While rising energy costs have impacted countries across Europe - driven by Russia’s war with Ukraine and by corporate speculation and profiteering - the UK has seen one of the sharpest impacts on energy affordability and the cost of living, particularly for low income households. This reflects a number of structural problems with our economy, including a heavy reliance on imported gas for heating and electricity generation; a fragmented and highly extractive private energy sector; a lack of gas storage facilities; and poorly insulated housing stock.
The Government’s Energy Price Guarantee freezes energy bills at their current levels until April, but energy bills are still unaffordable for millions of households, and the freeze does nothing to address the underlying structural problems that have left the UK so acutely exposed to soaring global gas prices, or to help our economy transition to a more sustainable and resilient energy system.
To really guarantee affordable, clean energy for all in the long term, we need a different approach.
To help with affordability in the short-term, the Government could reform the way that energy is priced so that everyone’s basic energy needs can always be met. This could take the form of a free energy entitlement scheme, where households receive a certain amount of energy for free, with higher usage charged at a higher rate.

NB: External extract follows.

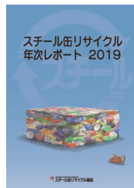
Annual Report on Steel Can Recycling 2019

Promoting efforts toward partnership among the actors for making recycling society
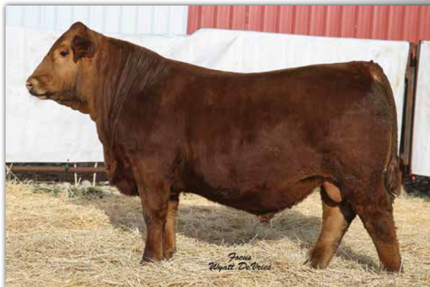
GW MAJOR MOVE 590E Sire of Lot 60.

PE to 258K (4258677), 059H (3855420). Confirmed bred to PE and due 3/28/2024.

To guarantee access to clean affordable energy in the long term we need to reform our broken energy market, with an end to profiteering and a much faster roll out of clean energy which would help reduce people’s bills. To facilitate this, the Government could play a bigger role in the energy market, boosting investment in renewables, setting up a public renewables company, and taking the energy retail and network companies back into public ownership to ensure the market is operating in the public interest.